Question

How do you simplify \[1 - {\cos ^2}\theta \]?

Answer 1

Hint: Here, we will use the values of trigonometric functions in a right-angled triangle to find the sine and cosine functions. Then we will square and add both the functions and apply Pythagoras Theorem to find the relationship between the sum of squares of sine and cosine. Using this we will be able to find the value of the given expression.

Complete step by step solution:
As we know, in a right angled triangle, if the lengths of the hypotenuse, base and perpendicular sides are \[H,B,P\] respectively, then,
Then the values of the trigonometric functions:
\[\sin \theta = \dfrac{P}{H}\]
And, \[\cos \theta = \dfrac{B}{H}\]
Now, squaring and adding both of them, we get,
\[{\sin ^2}\theta + {\cos ^2}\theta = \dfrac{{{P^2}}}{{{H^2}}} + \dfrac{{{B^2}}}{{{H^2}}}\]
Since, the denominator is the same, thus, we will simply add the numerators. Therefore, we get
\[ \Rightarrow {\sin ^2}\theta + {\cos ^2}\theta = \dfrac{{{P^2} + {B^2}}}{{{H^2}}}\]…………………………..\[\left( 1 \right)\]
Now according to Pythagoras Theorem, we know that in a right angled triangle, the sum of square of the two sides in a right angled triangle are equal to the square of the longest side i.e. the hypotenuse.
Hence, we get that \[{P^2} + {B^2} = {H^2}\]
Substituting this in the numerator of equation \[\left( 1 \right)\], we get
\[ \Rightarrow {\sin ^2}\theta + {\cos ^2}\theta = \dfrac{{{H^2}}}{{{H^2}}} = 1\]
Now, substituting the value of 1 in \[1 - {\cos ^2}\theta \], we get
\[ \Rightarrow 1 - {\cos ^2}\theta = {\sin ^2}\theta + {\cos ^2}\theta - {\cos ^2}\theta \]
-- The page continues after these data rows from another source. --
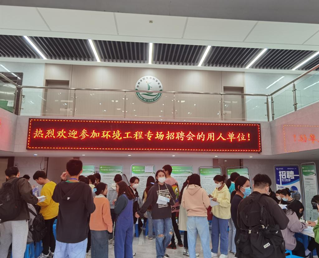 10月27日下午,生命科学学院在学院一楼大厅举办2023届环境工程毕业生专场招聘会,十余家招聘单位应邀参会,提供百余个就业岗位。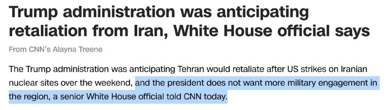 🇺🇸🇮🇷🇮🇱Trump does not want further military involvement in the Middle East, a senior White House official told CNN after Iran’s strikes on a US military base in Qatar.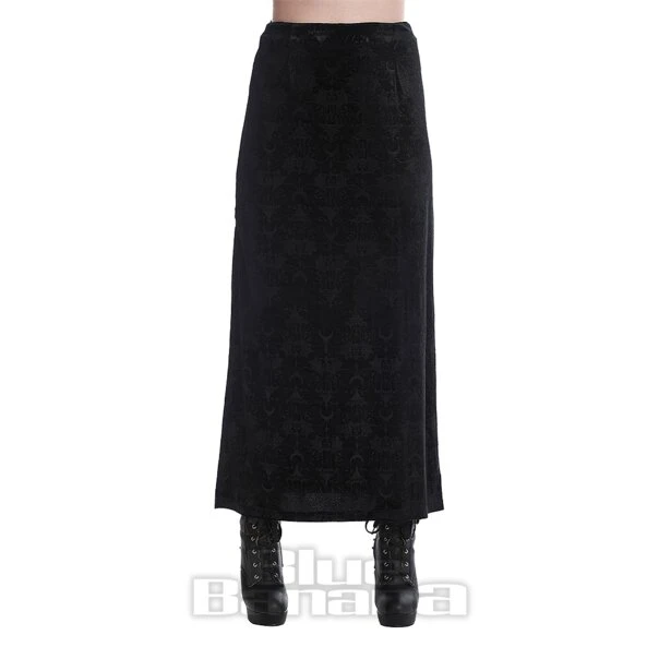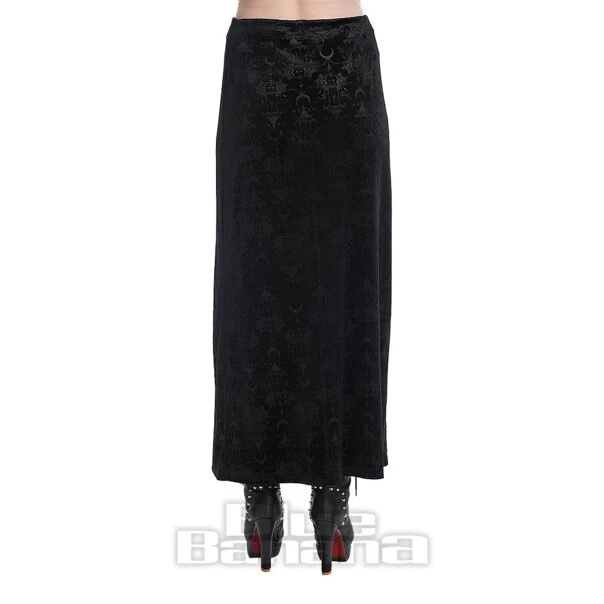 The Banned Chandelier Maxi Skirt in Black features a slit up the side and an occult print on the velvet material. Perfect for alternative witchy outfits.

\[ \Rightarrow 1 - {\cos ^2}\theta = {\sin ^2}\theta \]

Note:
In this question, we have used trigonometry. Trigonometry is a branch of mathematics that helps us to study the relationship between the sides and the angles of a triangle. In practical life, trigonometry is used by cartographers (to make maps). It is also used by the aviation and naval industries. In fact, trigonometry is even used by Astronomers to find the distance between two stars. Hence, it has an important role to play in everyday life. The three most common trigonometric functions are the tangent function, the sine, and the cosine function. In simple terms, they are written as ‘sin’, ‘cos’, and ‘tan’. Hence, trigonometry is not just a chapter to study, in fact, it is being used in everyday life.